# GOAL OF THE EXERCISE
Exclude the pictures and retype the entries as written.

# INPUT FOR THIS TASK
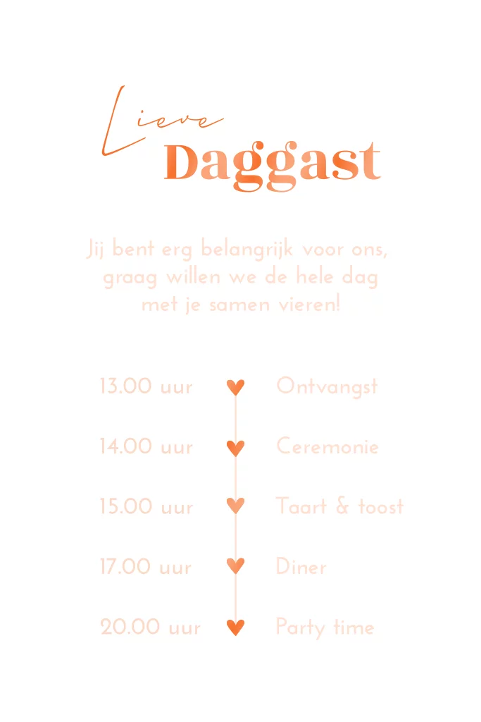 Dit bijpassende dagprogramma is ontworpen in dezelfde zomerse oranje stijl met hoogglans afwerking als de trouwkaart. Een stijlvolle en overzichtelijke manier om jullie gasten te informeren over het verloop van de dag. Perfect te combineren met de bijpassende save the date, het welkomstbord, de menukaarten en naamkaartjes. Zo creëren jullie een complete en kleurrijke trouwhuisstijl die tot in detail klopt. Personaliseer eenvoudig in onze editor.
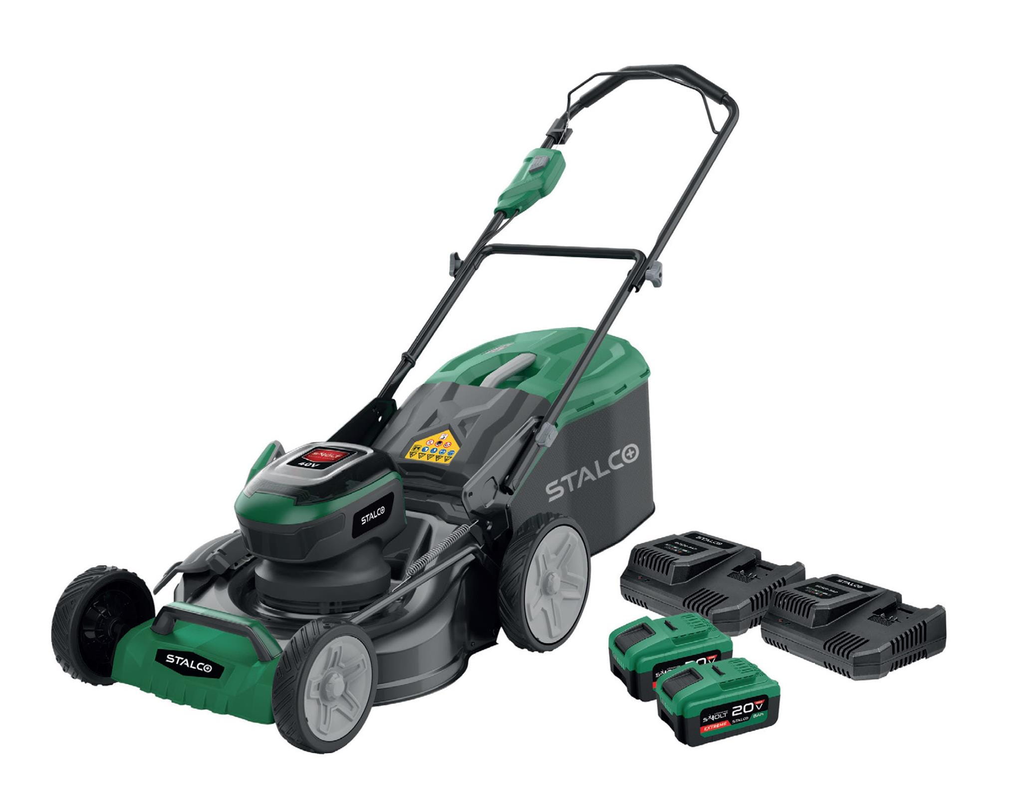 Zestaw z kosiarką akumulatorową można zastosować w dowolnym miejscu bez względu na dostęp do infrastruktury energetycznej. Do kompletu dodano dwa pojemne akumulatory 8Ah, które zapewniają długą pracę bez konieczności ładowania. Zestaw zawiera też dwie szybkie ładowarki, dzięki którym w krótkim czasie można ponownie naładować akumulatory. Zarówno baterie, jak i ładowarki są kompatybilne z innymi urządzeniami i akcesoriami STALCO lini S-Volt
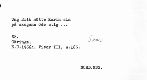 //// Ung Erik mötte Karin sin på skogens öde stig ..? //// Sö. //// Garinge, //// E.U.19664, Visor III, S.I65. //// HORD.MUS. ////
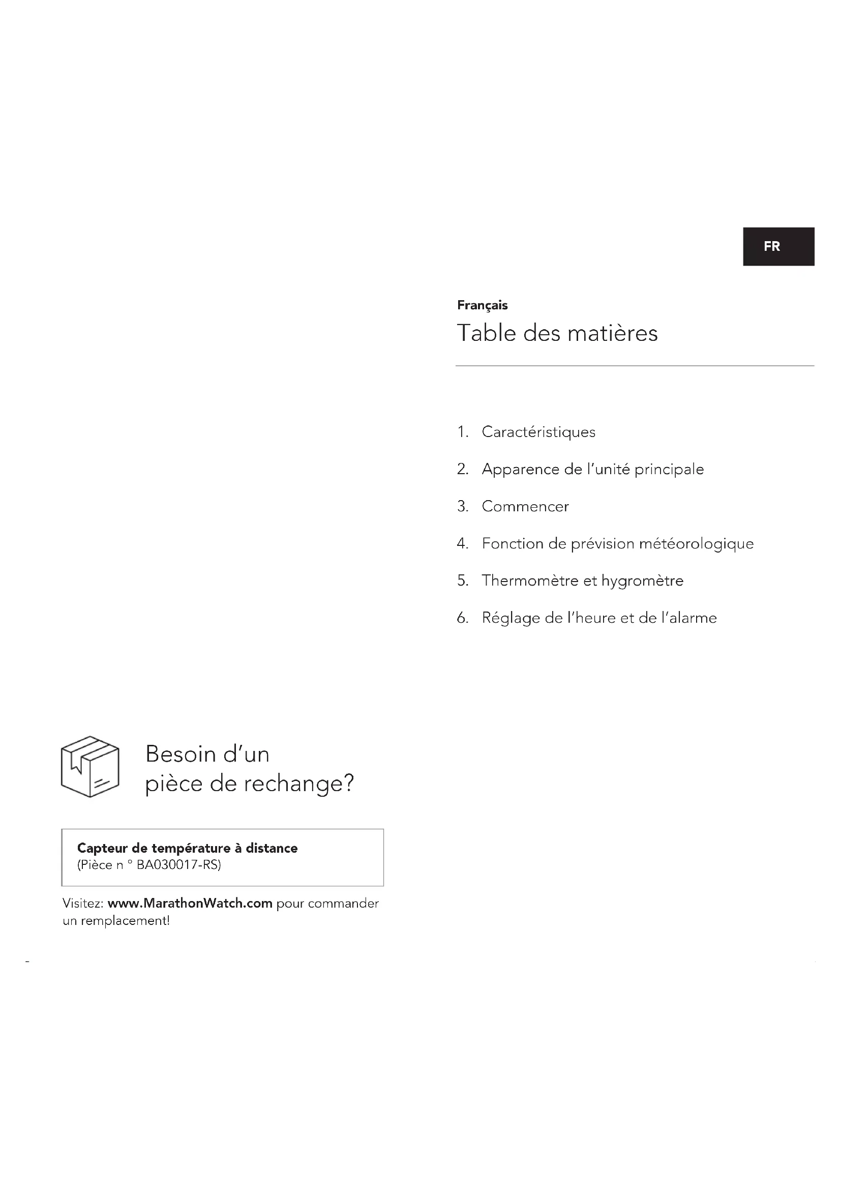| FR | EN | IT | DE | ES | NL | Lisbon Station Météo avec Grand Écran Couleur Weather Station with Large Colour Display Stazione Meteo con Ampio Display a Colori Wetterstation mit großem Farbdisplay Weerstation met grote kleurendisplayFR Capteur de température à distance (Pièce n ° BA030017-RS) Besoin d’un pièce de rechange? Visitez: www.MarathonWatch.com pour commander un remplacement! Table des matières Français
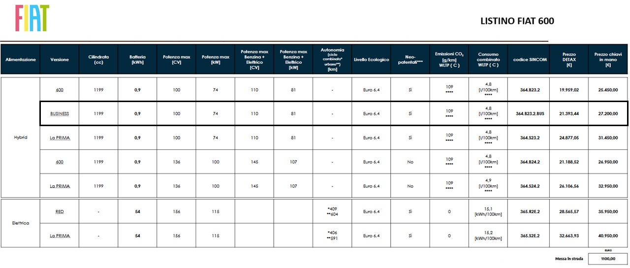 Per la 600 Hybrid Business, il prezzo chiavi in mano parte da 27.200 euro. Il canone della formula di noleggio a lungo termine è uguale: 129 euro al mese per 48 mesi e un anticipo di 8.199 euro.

# ANSWER SPACE
 Dit bijpassende dagprogramma is ontworpen in dezelfde zomerse oranje stijl met hoogglans afwerking als de trouwkaart. Een stijlvolle en overzichtelijke manier om jullie gasten te informeren over het verloop van de dag. Perfect te combineren met de bijpassende save the date, het welkomstbord, de menukaarten en naamkaartjes. Zo creëren jullie een complete en kleurrijke trouwhuisstijl die tot in detail klopt. Personaliseer eenvoudig in onze editor.
 Zestaw z kosiarką akumulatorową można zastosować w dowolnym miejscu bez względu na dostęp do infrastruktury energetycznej. Do kompletu dodano dwa pojemne akumulatory 8Ah, które zapewniają długą pracę bez konieczności ładowania. Zestaw zawiera też dwie szybkie ładowarki, dzięki którym w krótkim czasie można ponownie naładować akumulatory. Zarówno baterie, jak i ładowarki są kompatybilne z innymi urządzeniami i akcesoriami STALCO lini S-Volt
 //// Ung Erik mötte Karin sin på skogens öde stig ..? //// Sö. //// Garinge, //// E.U.19664, Visor III, S.I65. //// HORD.MUS. ////
| FR | EN | IT | DE | ES | NL | Lisbon Station Météo avec Grand Écran Couleur Weather Station with Large Colour Display Stazione Meteo con Ampio Display a Colori Wetterstation mit großem Farbdisplay Weerstation met grote kleurendisplayFR Capteur de température à distance (Pièce n ° BA030017-RS) Besoin d’un pièce de rechange? Visitez: www.MarathonWatch.com pour commander un remplacement! Table des matières Français
 Per la 600 Hybrid Business, il prezzo chiavi in mano parte da 27.200 euro. Il canone della formula di noleggio a lungo termine è uguale: 129 euro al mese per 48 mesi e un anticipo di 8.199 euro.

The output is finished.